The Weitz firm has denied any knowledge of the alleged scheme. Taub has since been let go by Columbia and has filed a lawsuit against his former employer.

Golanski responded to Ford’s claims of gaming the asbestos recovery system in an Aug. 13 letter to Jaffe.

“Wow. Where to begin?” Golanski wrote. “And more of a dilemma, how to begin while remaining civil?

“Another explanation that is both ‘conceivable’ and, coincidentally, true is that the Federal Mogul Asbestos Personal Injury Trust is not yet open for, and not yet accepting, any claims arising from asbestos exposures to Wagner Electric Corporation products.”

Golanski called Ford’s Warner allegation a “gaffe” and defended the firm’s election not to file a Raybestos claim.

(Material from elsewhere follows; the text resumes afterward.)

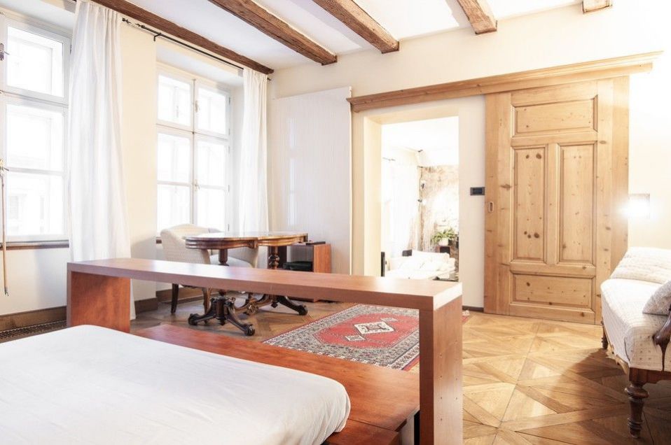We offer for sale a beautiful and luxurious apartment 2 + 1 in Prague 1 - Old Town in Karlova street in the house U Zlaté Hrušky. The reconstruction of the apartment was carried out in 2003 and the Prague City Hall awarded it with the prize for the best reconstruction in the historical centre. The building dates from the 13th century and there are Gothic ceilings. Inner equipment is characterized by harmony between historical and modern spirit. The apartment consists of two rooms, dressing room, kitchen and toilet. There are stone walls with niches from the fourteenth-century, armored door, alarm and home phone with video camera, lighting Flos and Philippe Stark. Hi-Fi system with automatic regulation in bedroom, bathroom and kitchen. Charles Street connects the Křižovnické Square next to the Charles Bridge with Little Square in the Old Town. There are all public amenities and excellent transport accessibility. All within walking distance to the centre of the metropolis.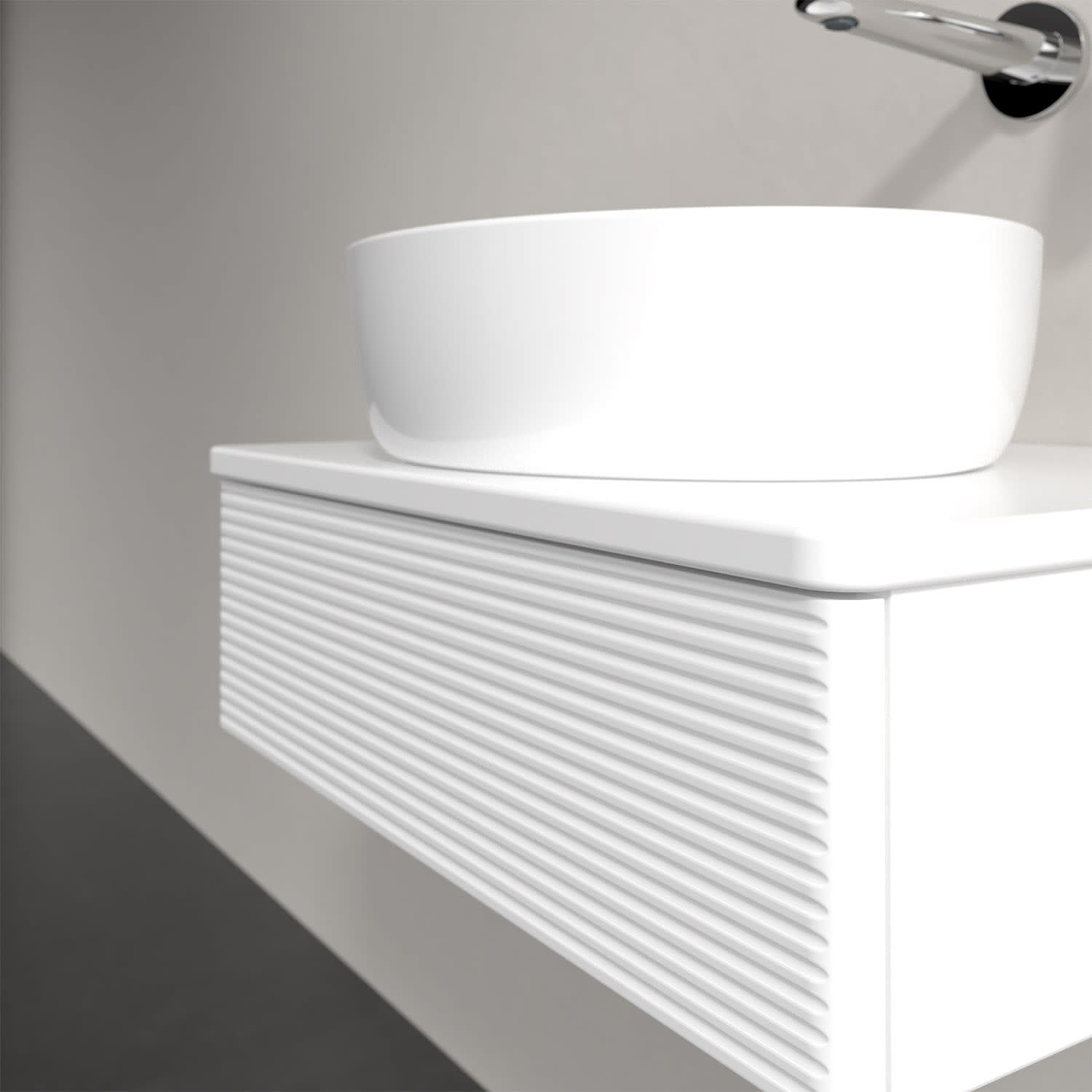 Wenig Platz im Badezimmer und dennoch soll es gemütlich und ordentlich sein? Dann ist der wandhängende Antao Waschtischunterschrank mit seinen sanft abgerundeten Kanten die ideale Lösung. Das geräumige Möbel bietet ausreichend Stauraum für alle nötigen Badutensilien. Zum Öffnen genügt dank der Push-to-Open Funktion ein leichter Druck auf den grifflosen Auszug mit strukturierter Front, der sich dann in seiner vollen Tiefe öffnet. Dabei wird gleichzeitig die angenehme Auszugsbeleuchtung in Warmweiß aktiviert. Das garantiert den benötigen Überblick! Praktisch ist auch der integrierte Antirutschboden und die SoftClosing Funktion, die ein Umfallen oder Verrutschen der verstauten Produkte verhindern. Villeroy & Boch hat alles durchdacht! Für eine besonders leichte Pflege sorgt die mehrschichtig deckend lackierte Oberfläche.

He said the company’s estimation of the worth of Juni’s claim is not reliable.

The figure Ford used would be subject to a massive reduction, leaving it at a worth of $1,050, he said.

“(T)here is simply no basis in New York law for any reduction from a verdict for sums that speculatively or hypothetically might be realized – here $1,050 – from a settlement that has not yet occurred,” Golanski wrote.

Ford didn’t back off in its reply letter to Jaffe, claiming Golanski did not explain why no claim was filed to the Raybestos trust. It also disagreed with his $1,050 figure.

And though Golanski was correct that the Wagner trust was not accepting claims at the time, he is wrong that no set-off could be ascribed to that entity, Ford claimed.

A day later, Golanski wrote to Jaffe that Ford’s admittance that he was correct about the Wagner trust renders its “initial outburst… wholly irresponsible.”

It is unclear from court documents what affect the exchange had on the case. Ford’s post-trial motion did not ask for an offset in the amount of what it felt would have been recovered from the trusts.

Instead, the company asked for an offset of the amount the plaintiff earned in settlements with other solvent civil defendants – roughly $1.7 million.